I am trying to pull some data from web-site, but as I'm new learner in the web scraping hence confused in the Tag Name, Class Code and in ID.. I have only basic knowledge about it.I want to copy below Data and if the data is not exist then the cell should be left blank and code needs to be move in next value.
Class="container size" - 5*5,5*10 kind of value
Class="description" - Standard in this case also need to copy like Drive-up Access
Class="offer1" & "offer2" - Call for Availability
Class="price"
我试图构建代码,但无法准确判断需要选择哪个标签名称,以下是我的代码,请帮助我复制此数据.
I tried to frame a code but can't judge the exact which Tag name needs to be choose, below is my code please help me to copy this data.
Dim ie As New InternetExplorer, ws As Worksheet
Set ws = ThisWorkbook.Worksheets("Sheet1")
With ie
.Visible = True
.Navigate2 "" & Sheets("Home").Range("C3").Text
While .Busy Or .readyState < 4: DoEvents: Wend
Sheets("Unit Data").Select
Dim listings As Object, listing As Object, headers(), results()
Dim r As Long, list As Object, item As Object
headers = Array("size", "features")
Set list = .document.getElementsByClassName("units-table main")
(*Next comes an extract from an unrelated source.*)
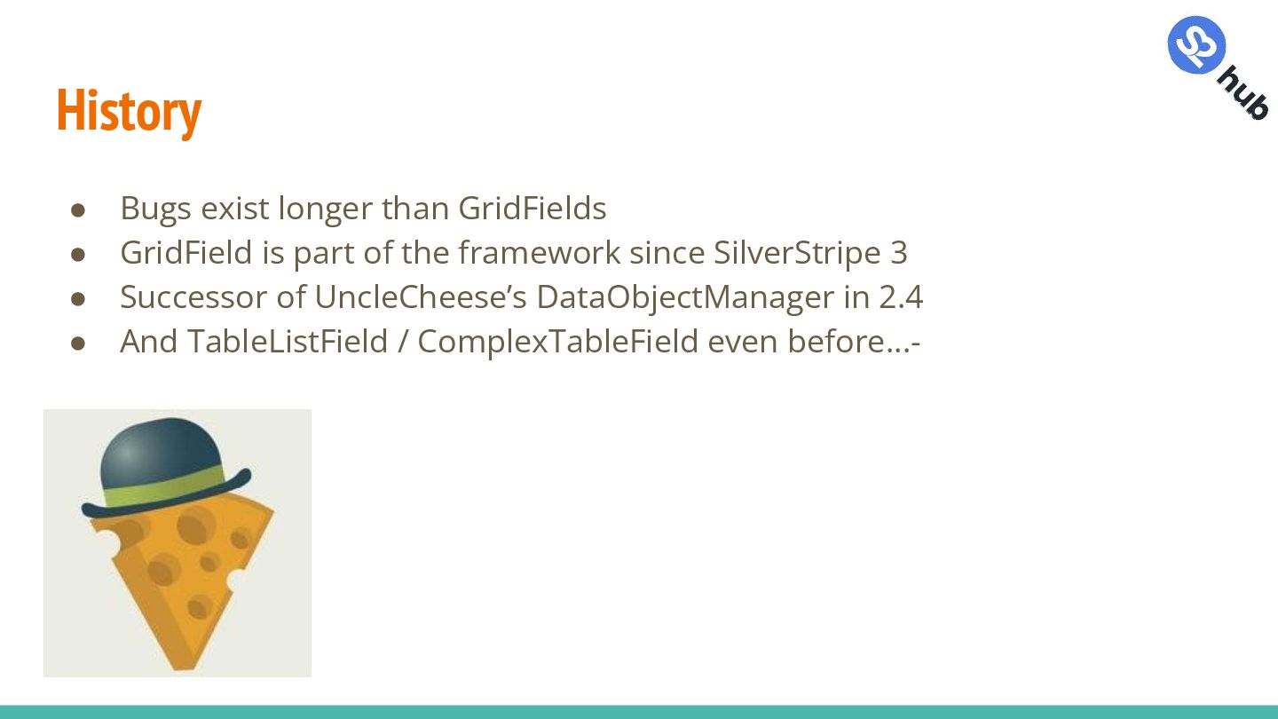 part of the framework since SilverStripe 3 • Successor of UncleCheese’s DataObjectManager in 2.4 • And TableListField / ComplexTableField even before…-

'.unit_size medium, .features, .promo_offers, .board_rate_wrapper p, .board_rate
Dim rowCount As Long
rowCount = .document.querySelectorAll(".units-table main li").Length
ReDim results(1 To rowCount, 1 To UBound(headers) + 1)
For Each listing In list
For Each item In listing.getElementsByTagName("li")
r = r + 1
On Error Resume Next
results(r, 1) = item.getElementsByClassName("container size")(0).innerText
results(r, 2) = item.getElementsByClassName("description")(0).innerText
On Error GoTo 0
Next
Next
ws.Cells(1, 1).Resize(1, UBound(headers) + 1) = headers
ws.Cells(2, 1).Resize(UBound(results, 1), UBound(results, 2)) = results
.Quit
End With
推荐答案
XHR:
所有信息均可通过 XMLHTTP(XHR)请求获得-比打开浏览器快得多.
All the info is available via XMLHTTP (XHR) request - much faster than opening a browser.
我首先使用.main li[class]
的css选择器检索行数."."
是类选择器,即是类型选择器,而[class]
是属性选择器.中间的空间" "
是后代组合器.那指定我要检索所有具有类属性的li
标记/类型元素,其父类的名称为main
.
I first retrieve the row count with a css selector of .main li[class]
.The "."
is a class selector, the li
is a type selector and the [class]
is an attribute selector. The space, " "
, in between is a descendant combinator. That specifies I want to retrieve all li
tag/type elements, with a class attribute, having a parent whose classname is main
.
此匹配项如下:
如您所见,这给了我行数;用于从结果集中检索信息的父li
元素的数量.
As you can see, this gives me the row count; the number of parent li
elements to retrieve info from for the result set.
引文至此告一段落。